Deepti: And I want to know that now, not like in a day or two days, right? When the credit card transaction is declined or accepted, whatever.
So what do you do? You go to support. And support is, generally, first-line of support is always chatbots. So you go to chatbot, and they expect five predefined questions, right?
So, I'm like, "Okay, what happened to my order?" They have the information of who I am, because of a cookie, and the browser, or something like that.
And so, they're like, the chatbot is, "Oh, what's your order number?" And I'm like, "Well, if I had the order number, I'll not be asking this question of what happened to my order, but clearly I don't have the order number."
So the only thing the chatbot can do at that point is transfer me to a human. They did, like, it's working as designed, they did that, and it took me 45 minutes to get to an agent who then looked at the Order Management System and said... You know, they have to look at two systems like your Order Management System and the confirmation system, et cetera, right?
So they're like, "Oh, yeah, the order went through it looks like, because there's a row in the Order Management System, but somehow the downstream workflow of sending you an email did not work. I see that the bit has not been set for email here, so let me push that email out, and you will get the order number."
So what does that mean? The data exists, and it shouldn't require a human to look at two screens. Like, the system has the capability today to be able to get that information and give you an answer in five seconds or less.
Rachel: Yep.
Deepti: But I had to sit on a phone for 45 minutes to do this. And I'm like, "Nope, there has to be a better way."
Rachel: That's a really good origin story. It's really simple and clear, and we've all had some version of that happen to us.
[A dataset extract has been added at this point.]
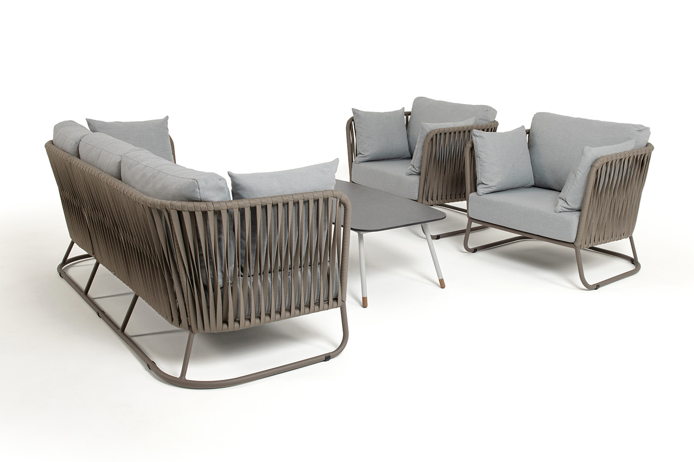 Комплект создан с использованием высококачественных материалов. Каркас дивана и кресел — из прочного алюминия с порошковым покрытием, устойчивым к коррозии. Оплетка выполнена вручную из эластичных полиэфирных лент (роупа). Мягкие подушки обтянуты тканью. Журнальный столик имеет алюминиевый каркас и столешницу из износостойкого HPL.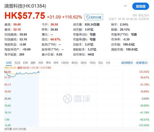 开盘后,截至发稿,滴普科技股价上涨116.62%,港股股价为每股57.75港元(约合人民币52.87元),市值为188.63亿港元(约合人民币172.68亿元)。

Deepti: Yeah. And, you know, the people will say that, "Oh, you could do this, you could build it this way, you could build it that way." And that's all true, right?
But I'm telling you just a very simple example, like, even today, with all the RAG-based gen AI systems, they're basically data pipelines that are ETL and data from all the systems, and putting it into another system, and then you ask that system for the answer.
But what does that mean? It's stale, it's not the freshest data, and it's probably not accurate. And so, what if we could just connect the system that is answering questions to the systems on-demand that have the right question, right?
So in Snow Leopard's case, what happens is, when you get the question, we look at the question and we realize, "Oh, you need to look at user information from Postgres," for example, "And order information from the Order Management System, so we can, in real-time, generate queries for both the systems in their native API, run that query on the systems, fetch the data, and then give the answer back."
All of this is happening in real-time, so the freshest data is being picked, it's happening on-demand, and it's happening in C2 it's happening in those systems, right?
So you don't have to predefine every single use case, and the data requirements, and the data flows for every single use case, right? But the way the technology is moving these days, so fast, and the use cases are moving so fast, and human beings like have ad hoc questions all the time about the stuff that they're doing.
So the old way of doing predefined workflows and predefined solutions just doesn't keep up for today's world. And that's the promise of Snow Leopard. let us build the glue of this data retrieval system, and you build the user value using your AI systems and your enterprise data.
Like, we'll just be in the business of fetching the right data at the right time from the right source without you having to build a bunch of, you know, spaghetti connections everywhere.
Rachel: It's a fantastic idea. You've been a Head of Product before, now you are founding your own company. How is that different, how is that leveling up? What did you learn that you didn't know before?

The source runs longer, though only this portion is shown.